[Required work]
In the records below, reproduce exactly the lines from the one containing "シルクの入った柔らかな素材の細かい縦リブマテリアル。" through the one containing "Women’s Slip On", both included, and omit the pictures.

[Information provided]
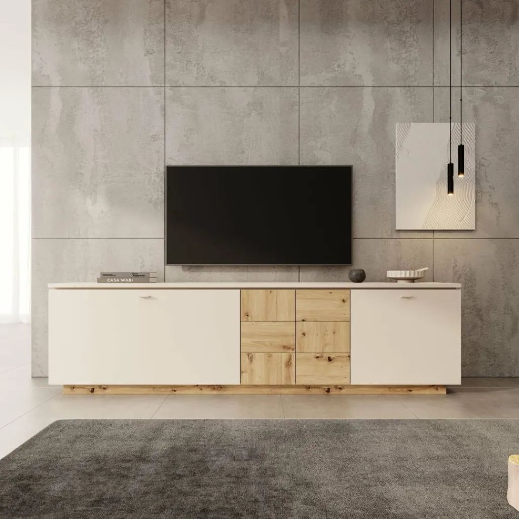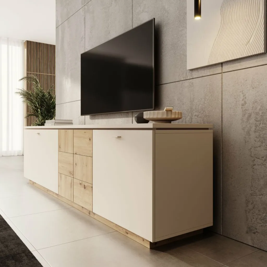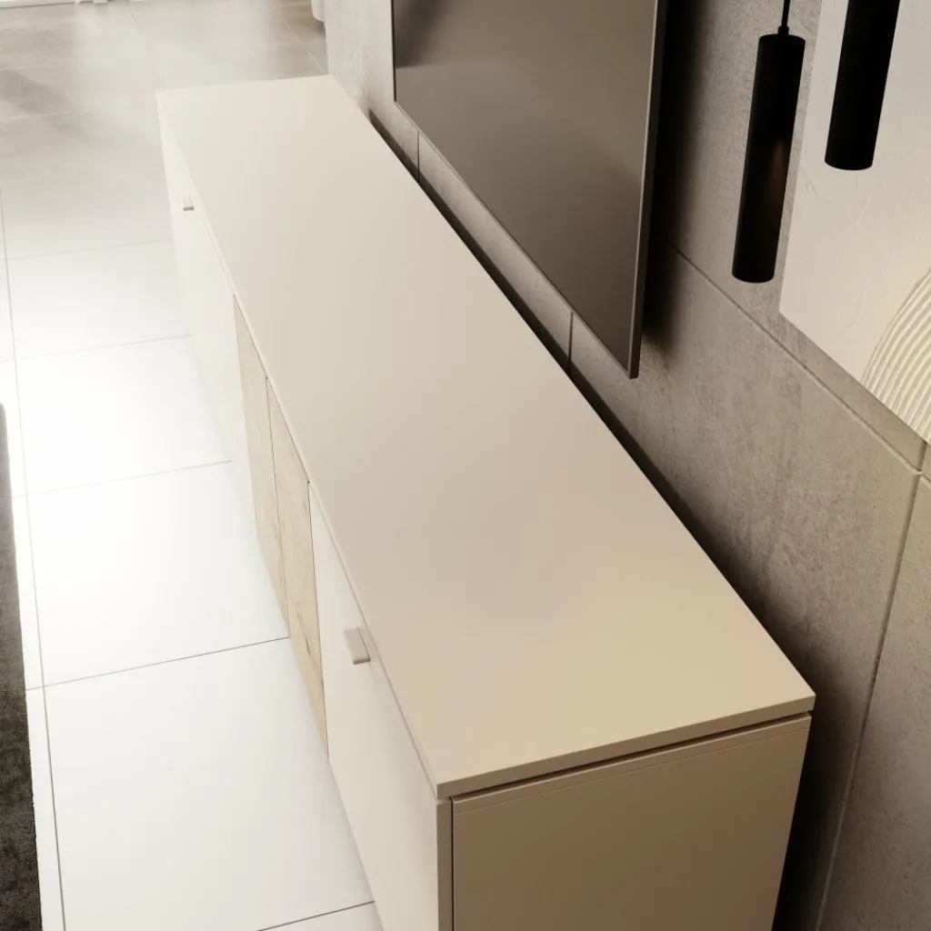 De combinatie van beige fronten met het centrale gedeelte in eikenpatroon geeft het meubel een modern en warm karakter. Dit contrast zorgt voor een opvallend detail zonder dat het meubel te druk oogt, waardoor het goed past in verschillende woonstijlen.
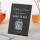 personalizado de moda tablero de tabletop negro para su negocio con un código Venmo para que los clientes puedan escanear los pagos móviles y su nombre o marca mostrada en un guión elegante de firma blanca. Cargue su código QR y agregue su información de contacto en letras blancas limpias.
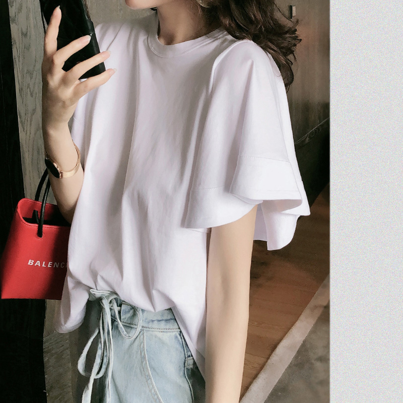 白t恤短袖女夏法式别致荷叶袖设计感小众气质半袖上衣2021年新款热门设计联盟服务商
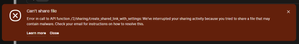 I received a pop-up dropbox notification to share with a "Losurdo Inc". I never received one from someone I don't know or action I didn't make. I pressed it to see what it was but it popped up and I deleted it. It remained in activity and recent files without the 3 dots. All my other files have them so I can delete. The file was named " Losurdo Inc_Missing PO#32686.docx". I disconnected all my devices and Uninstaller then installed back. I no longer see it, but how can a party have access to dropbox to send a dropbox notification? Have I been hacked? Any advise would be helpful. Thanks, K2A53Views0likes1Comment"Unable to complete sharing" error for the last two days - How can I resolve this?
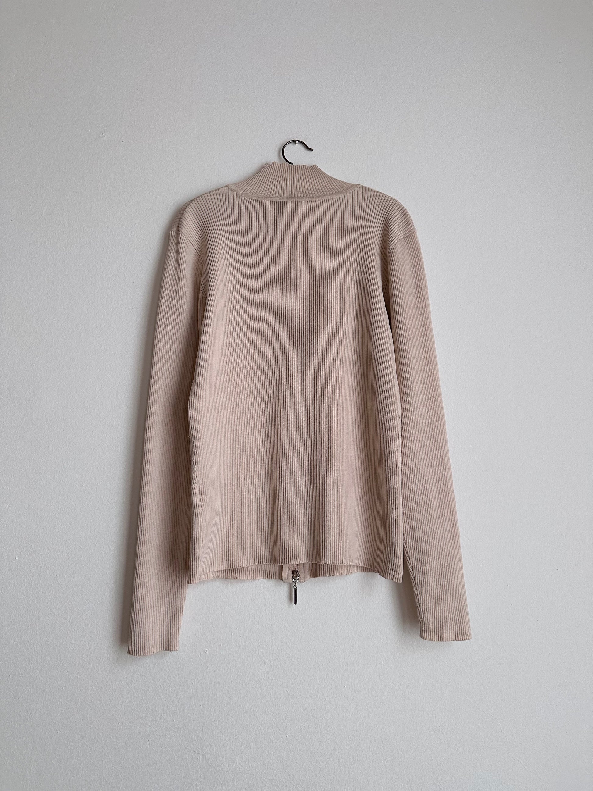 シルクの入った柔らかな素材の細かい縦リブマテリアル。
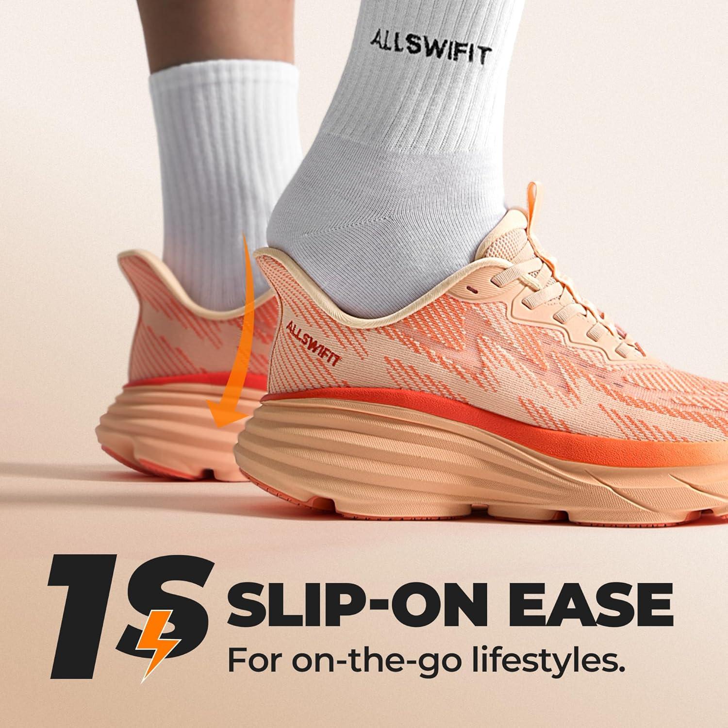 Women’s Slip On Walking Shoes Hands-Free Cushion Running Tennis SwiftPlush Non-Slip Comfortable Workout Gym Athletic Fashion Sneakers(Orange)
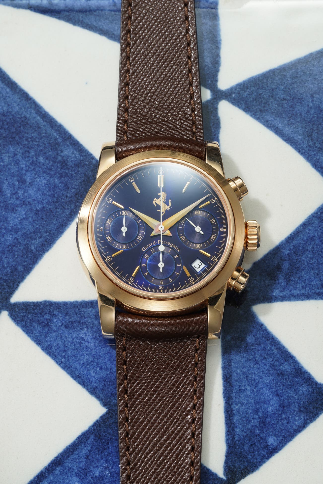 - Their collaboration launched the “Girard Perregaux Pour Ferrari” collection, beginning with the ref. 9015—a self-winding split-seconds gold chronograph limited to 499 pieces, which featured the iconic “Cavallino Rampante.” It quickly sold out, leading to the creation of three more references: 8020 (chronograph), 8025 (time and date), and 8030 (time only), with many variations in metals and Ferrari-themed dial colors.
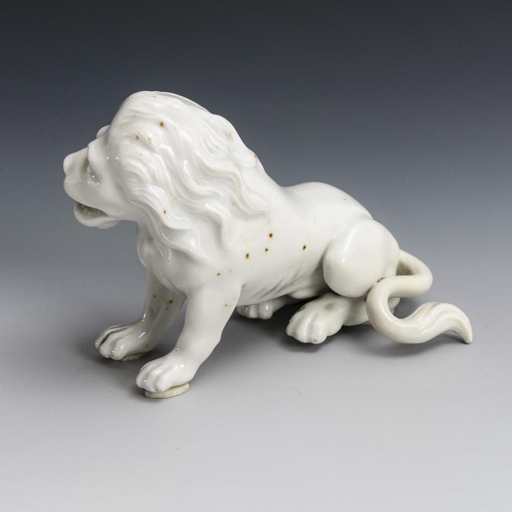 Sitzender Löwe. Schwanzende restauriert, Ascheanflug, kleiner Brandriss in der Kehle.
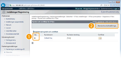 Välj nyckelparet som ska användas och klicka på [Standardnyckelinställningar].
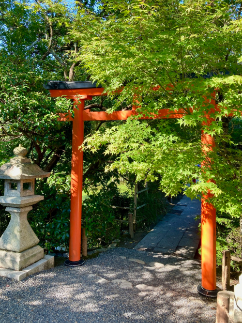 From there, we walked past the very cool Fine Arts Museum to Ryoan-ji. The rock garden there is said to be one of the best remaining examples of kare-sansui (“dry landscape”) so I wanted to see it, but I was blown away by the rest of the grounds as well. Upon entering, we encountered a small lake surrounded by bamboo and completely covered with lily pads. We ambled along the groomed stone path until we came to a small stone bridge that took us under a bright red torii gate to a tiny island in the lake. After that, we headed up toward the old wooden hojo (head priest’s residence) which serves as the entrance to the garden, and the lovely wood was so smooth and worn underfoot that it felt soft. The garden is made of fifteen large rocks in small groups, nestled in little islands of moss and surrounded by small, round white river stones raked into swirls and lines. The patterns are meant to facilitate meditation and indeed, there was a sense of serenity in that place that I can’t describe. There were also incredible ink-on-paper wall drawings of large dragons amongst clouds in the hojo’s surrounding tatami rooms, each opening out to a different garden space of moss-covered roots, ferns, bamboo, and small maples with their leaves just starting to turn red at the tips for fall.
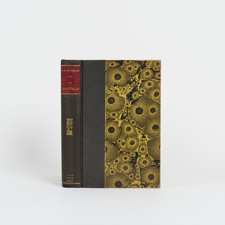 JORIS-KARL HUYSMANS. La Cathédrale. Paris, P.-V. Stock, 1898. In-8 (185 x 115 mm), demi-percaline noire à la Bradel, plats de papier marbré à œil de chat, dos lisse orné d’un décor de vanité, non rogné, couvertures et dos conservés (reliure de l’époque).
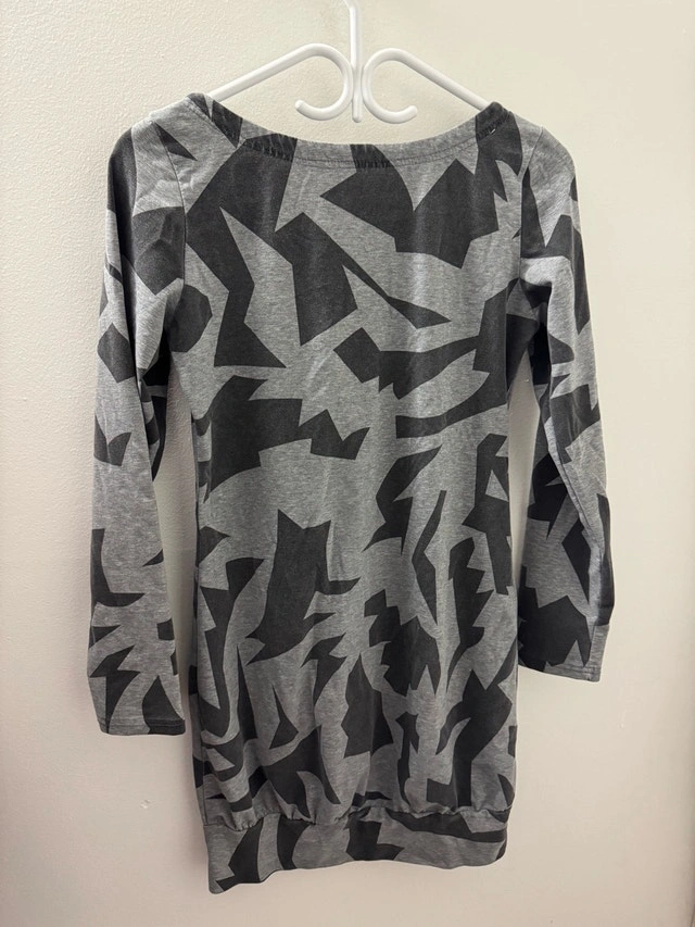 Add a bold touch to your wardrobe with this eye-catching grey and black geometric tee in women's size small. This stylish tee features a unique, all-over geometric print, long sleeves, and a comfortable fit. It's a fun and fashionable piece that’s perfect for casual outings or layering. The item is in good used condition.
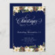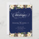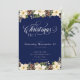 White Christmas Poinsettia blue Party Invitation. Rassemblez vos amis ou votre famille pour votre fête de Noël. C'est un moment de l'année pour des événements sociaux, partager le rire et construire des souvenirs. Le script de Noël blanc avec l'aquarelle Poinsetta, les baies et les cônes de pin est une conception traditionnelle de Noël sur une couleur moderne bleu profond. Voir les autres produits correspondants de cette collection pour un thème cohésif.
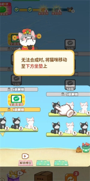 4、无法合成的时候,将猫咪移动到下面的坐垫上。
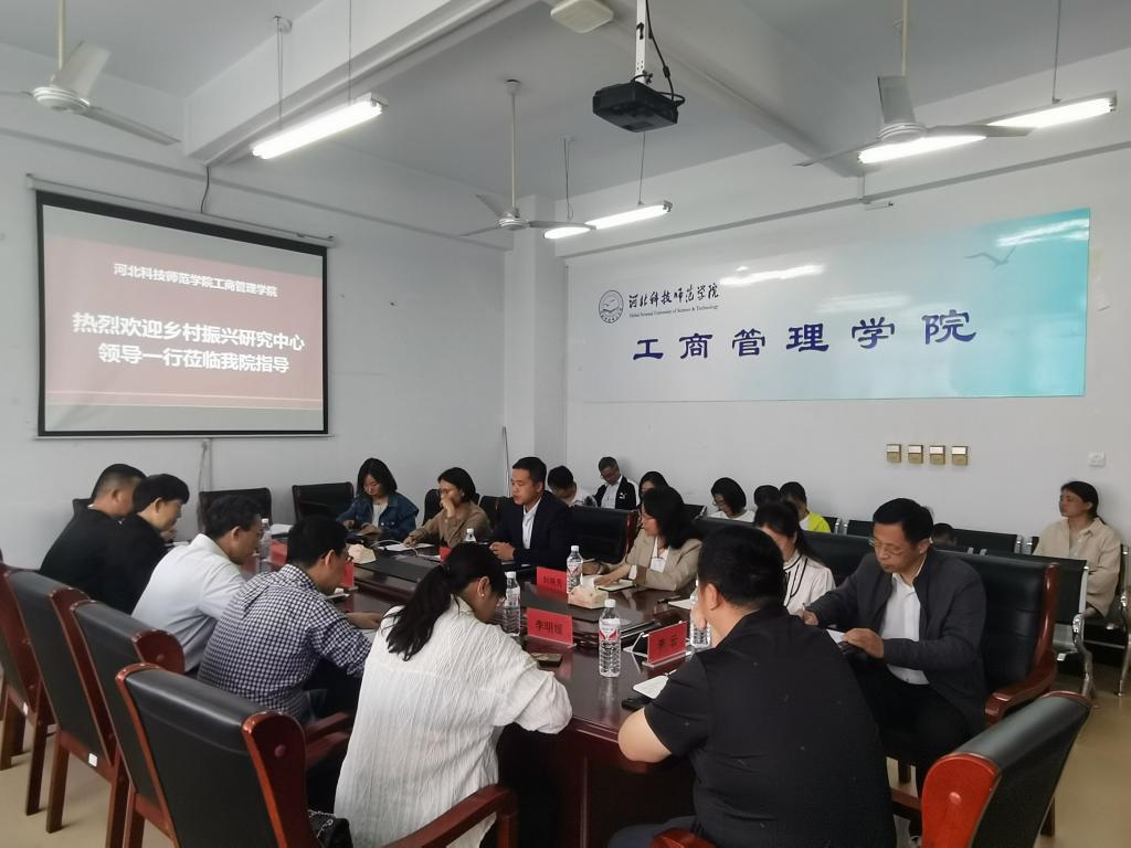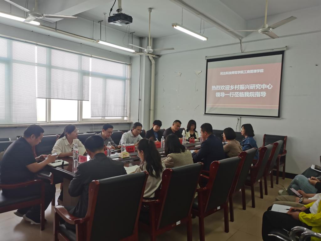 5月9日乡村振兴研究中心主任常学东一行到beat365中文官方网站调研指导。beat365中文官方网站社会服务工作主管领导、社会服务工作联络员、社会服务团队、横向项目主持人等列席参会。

[Task solution]
 シルクの入った柔らかな素材の細かい縦リブマテリアル。
 Women’s Slip On Walking Shoes Hands-Free Cushion Running Tennis SwiftPlush Non-Slip Comfortable Workout Gym Athletic Fashion Sneakers(Orange)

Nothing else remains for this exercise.